A question many beings have pondered throughout the centuries since the Shadow World’s arrival concerns the continued existence of the human race. To be blunt, how the hell are humans not only still around, but in high numbers? The common claim is that the humans outnumber any other type of being, although there is no way of carrying out a worldwide census to confirm or deny this. But even so, there is no question humans are plentiful. In certain places they are the dominant group.
Not only this, but a further question many who have come to learn about the events that unfolded two and a half centuries ago, who know the origins of the races and factions, have had to wonder why those in power did what they did. After all, if it wasn’t for the leaders, rulers, generals, scientists, etc of the time, then many of those who now walk the earth would not be able to do so.

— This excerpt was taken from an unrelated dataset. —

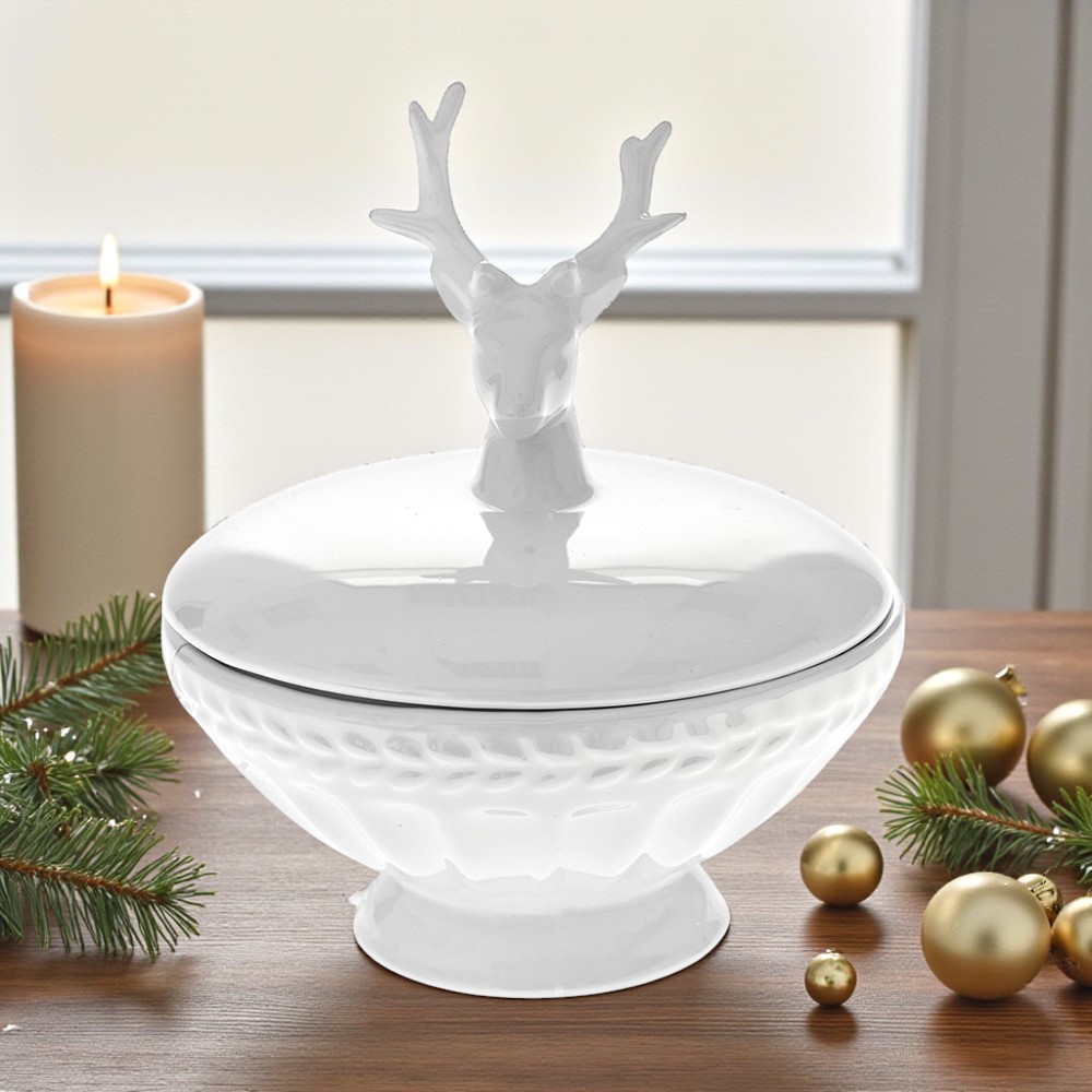 Λευκή Κεραμική Μπισκοτιέρα με καπάκι Κεφάλι Ταράνδου 18x20cm 82123 Ηλιάδης

Essentially, the great question many have asked is why did those who could make choices back then make the ones they did, thus causing so much strife and danger for their own kind, and how have the humans managed to survive all the enemies that then sought them?
The short answer is a simple one. Basically so much chaos came from the Shadow World’s merging with our world, and the reactions to it, that it saved humanity from destruction. There was no single united force out to annihilate them. Monsters wanted terror and mayhem more than destruction, and not all of them sought that. Mutants and machines are often said to be the real downfalls of human civilisation, but even they weren’t unified into a focused army. Basically, everyone was fighting each other, including among the humans, so none were able to exterminate any of the major forces.
For those who ask these questions, this is the best answer they usually get. Most of the past is lost. Yet what if a reply could be made from back then? Because if they could, those who ran the world at the time – the leaders, the generals, the scientists – would defend themselves. They would say they didn’t act stupidly. The common perception is that those who took the reins of science and let it run wild had no idea what they were doing. But the counter point from then would be: yes, we made new races, but we ensured that they had defects and we planned ways to defeat them.
For one, super-soldiers were made to live short, brutal lives. Some were even made dependent on a substance and would wilt, even die off without it. Most never knew they needed it. Others were kept under tight control, watched over severely and drilled into being loyal. Also, they would be sent into the worst fighting while humans stayed safe. The death toll that could have ruined the human race beyond repair was limited as so many mutant lives were lost instead.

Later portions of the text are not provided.